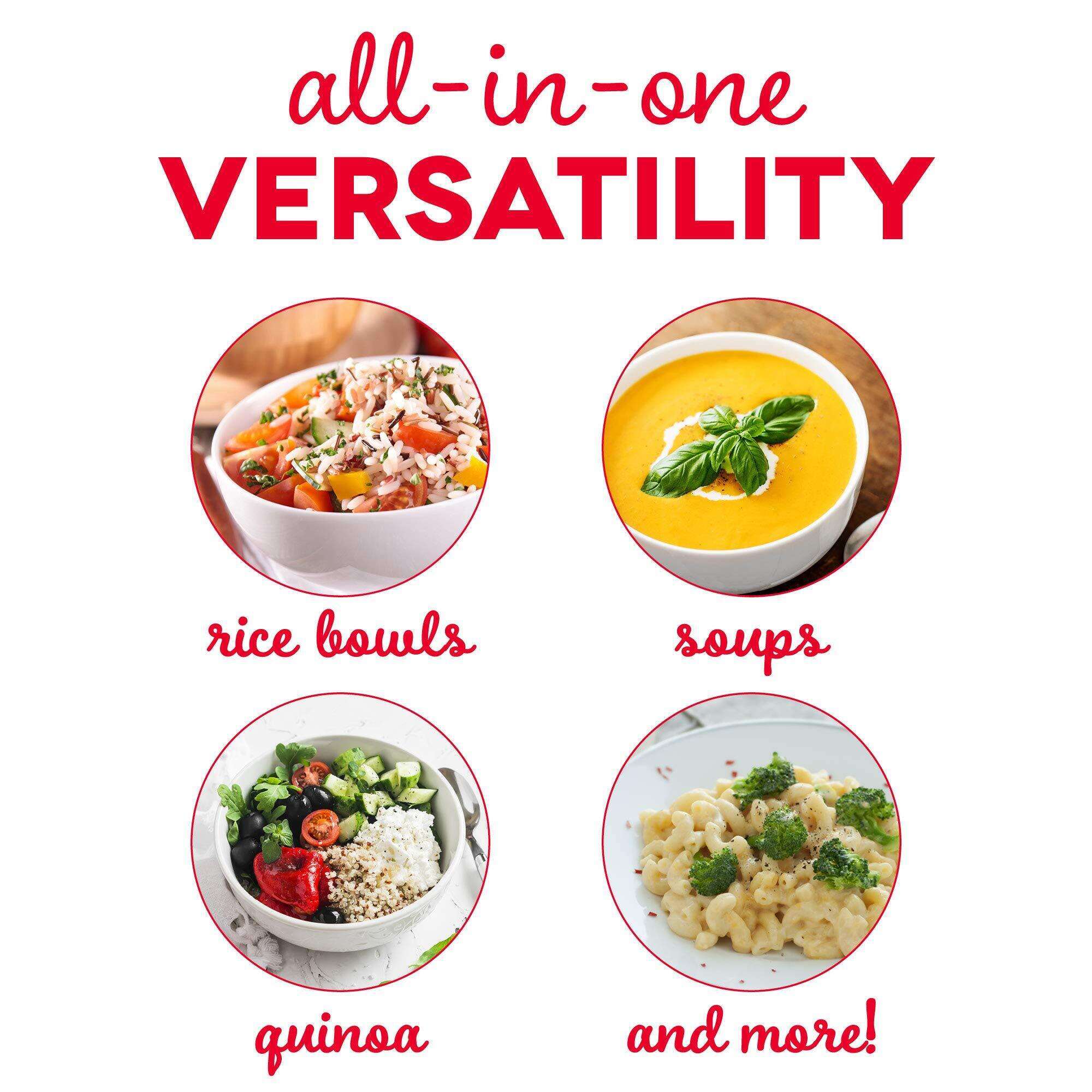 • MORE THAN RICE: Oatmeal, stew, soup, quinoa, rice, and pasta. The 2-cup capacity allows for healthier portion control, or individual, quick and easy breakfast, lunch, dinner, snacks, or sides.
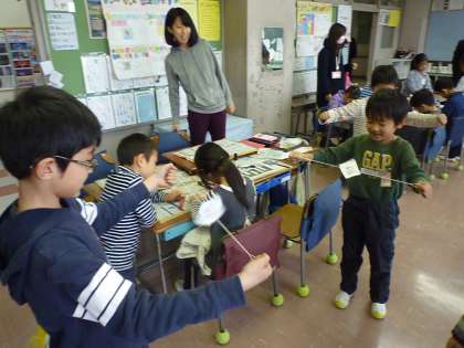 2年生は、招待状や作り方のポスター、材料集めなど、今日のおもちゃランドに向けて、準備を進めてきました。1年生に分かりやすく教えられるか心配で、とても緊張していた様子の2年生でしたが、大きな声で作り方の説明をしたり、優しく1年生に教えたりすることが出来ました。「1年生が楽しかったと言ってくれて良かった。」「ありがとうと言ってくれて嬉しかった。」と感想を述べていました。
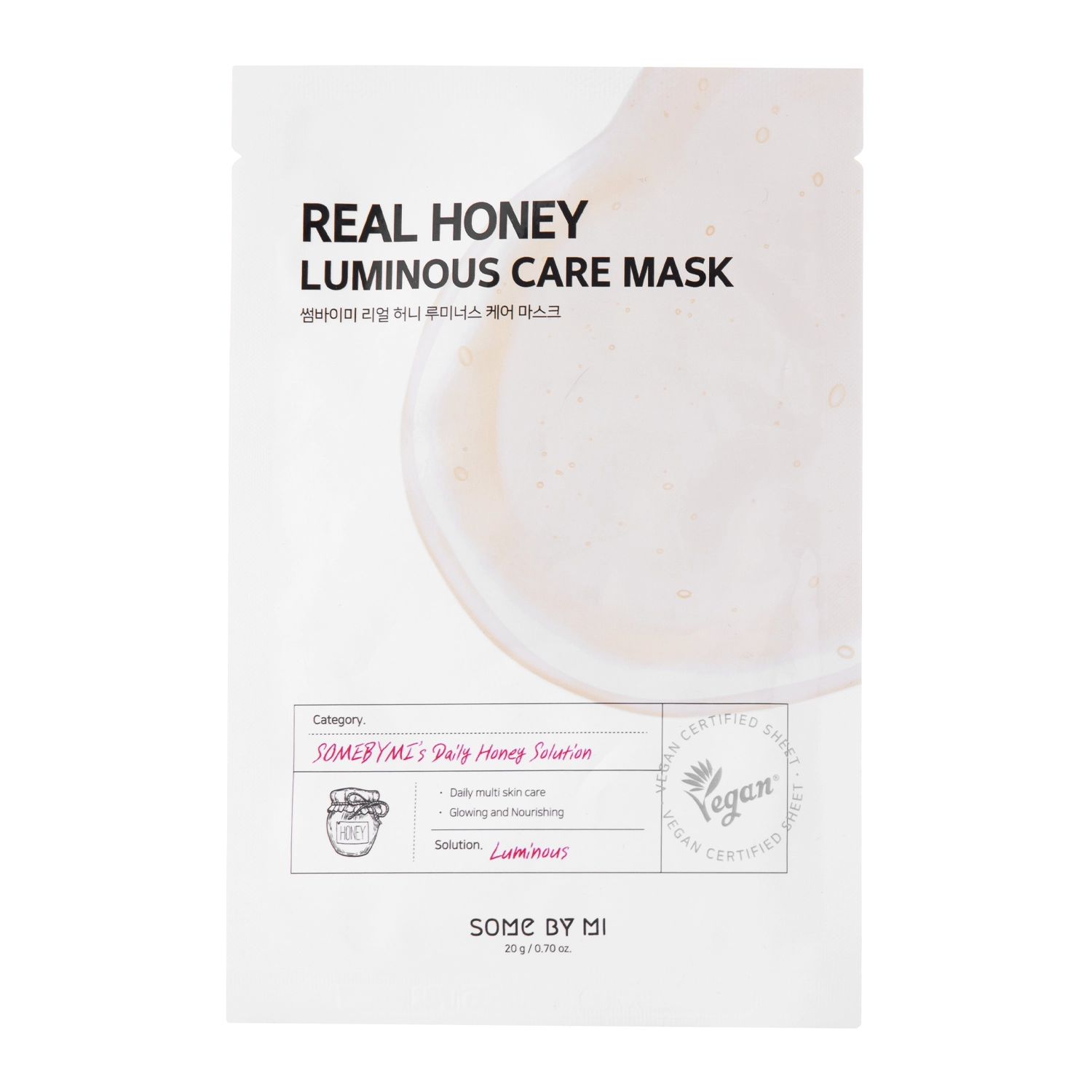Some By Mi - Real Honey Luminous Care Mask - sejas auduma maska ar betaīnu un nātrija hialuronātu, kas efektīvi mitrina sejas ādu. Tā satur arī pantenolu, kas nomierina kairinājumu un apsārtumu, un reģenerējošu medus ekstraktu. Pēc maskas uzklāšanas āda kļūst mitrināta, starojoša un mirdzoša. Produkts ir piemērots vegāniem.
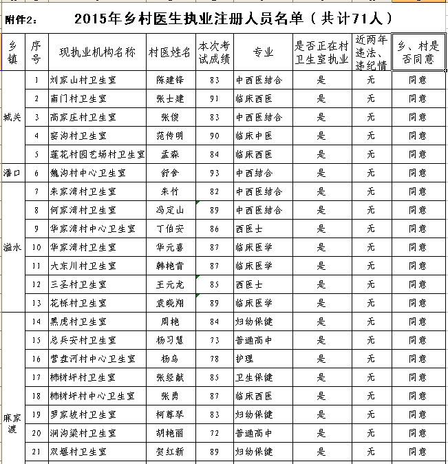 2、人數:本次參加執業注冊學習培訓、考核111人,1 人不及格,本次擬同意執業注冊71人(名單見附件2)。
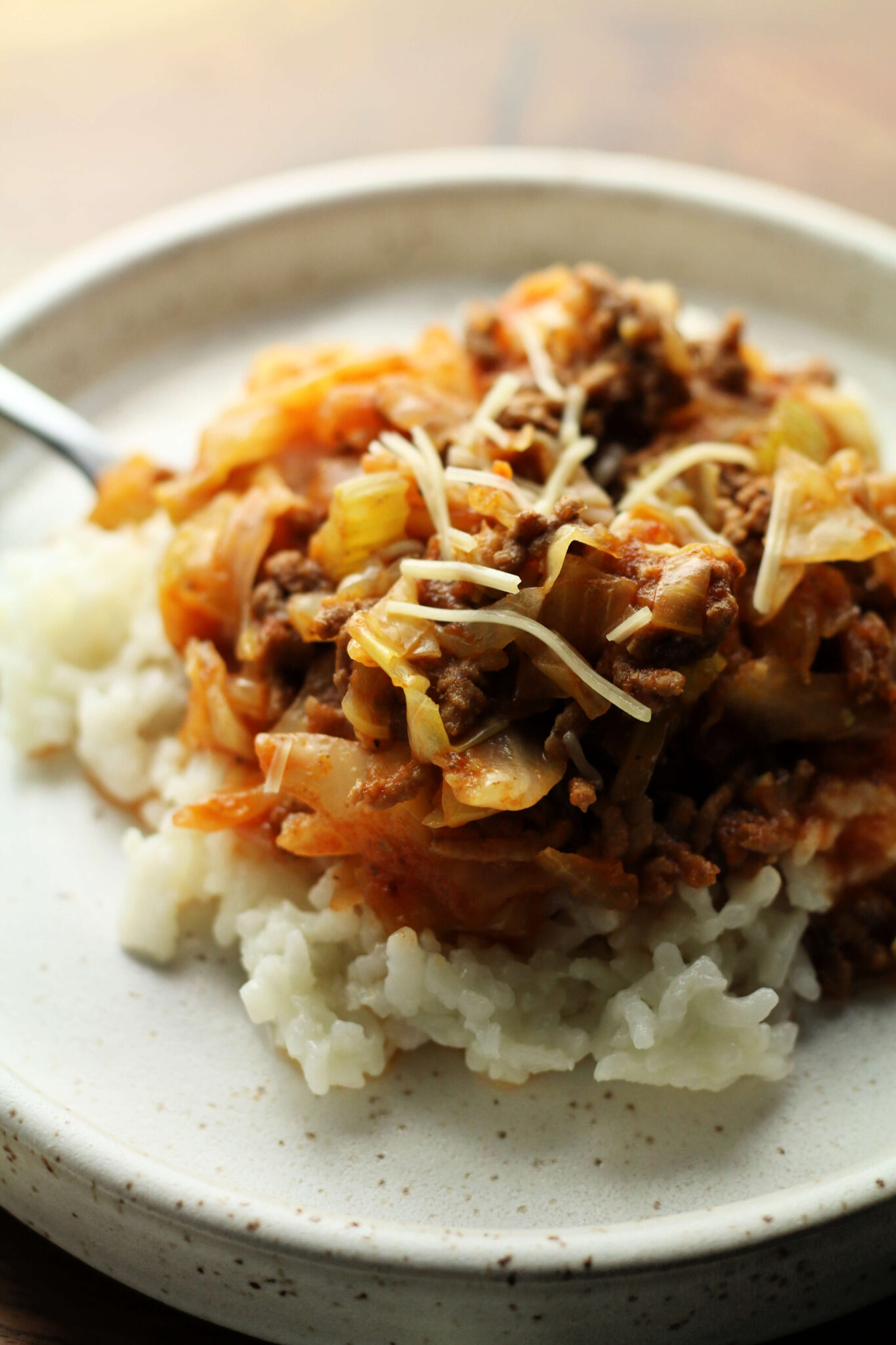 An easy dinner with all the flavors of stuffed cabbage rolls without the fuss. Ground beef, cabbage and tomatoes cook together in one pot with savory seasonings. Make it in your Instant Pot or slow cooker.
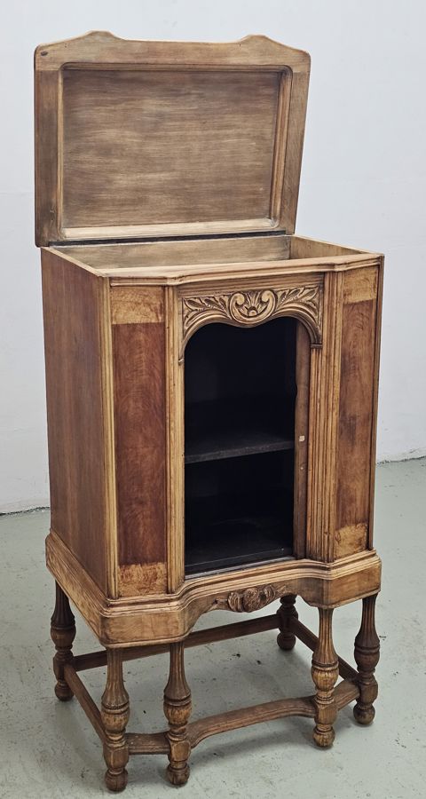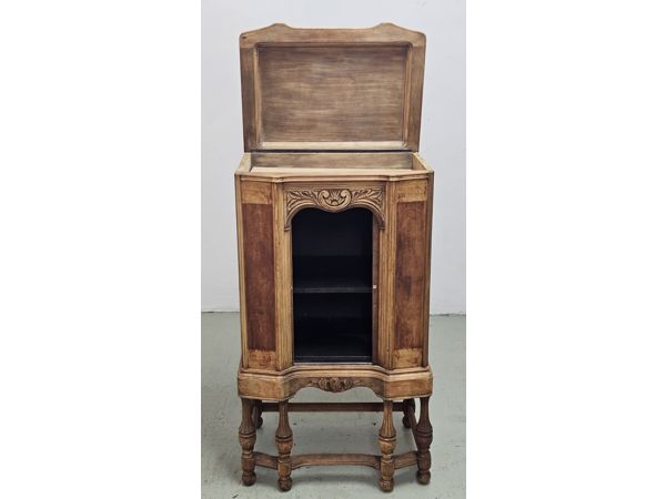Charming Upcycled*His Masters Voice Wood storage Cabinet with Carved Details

WHAT THE TASK REQUIRES
Up to and including the line containing "2年生は、招待状や作り方のポ", repeat every line from the start of the data, but none of the pictures.

RESPONSE BOX
 • MORE THAN RICE: Oatmeal, stew, soup, quinoa, rice, and pasta. The 2-cup capacity allows for healthier portion control, or individual, quick and easy breakfast, lunch, dinner, snacks, or sides.
 2年生は、招待状や作り方のポスター、材料集めなど、今日のおもちゃランドに向けて、準備を進めてきました。1年生に分かりやすく教えられるか心配で、とても緊張していた様子の2年生でしたが、大きな声で作り方の説明をしたり、優しく1年生に教えたりすることが出来ました。「1年生が楽しかったと言ってくれて良かった。」「ありがとうと言ってくれて嬉しかった。」と感想を述べていました。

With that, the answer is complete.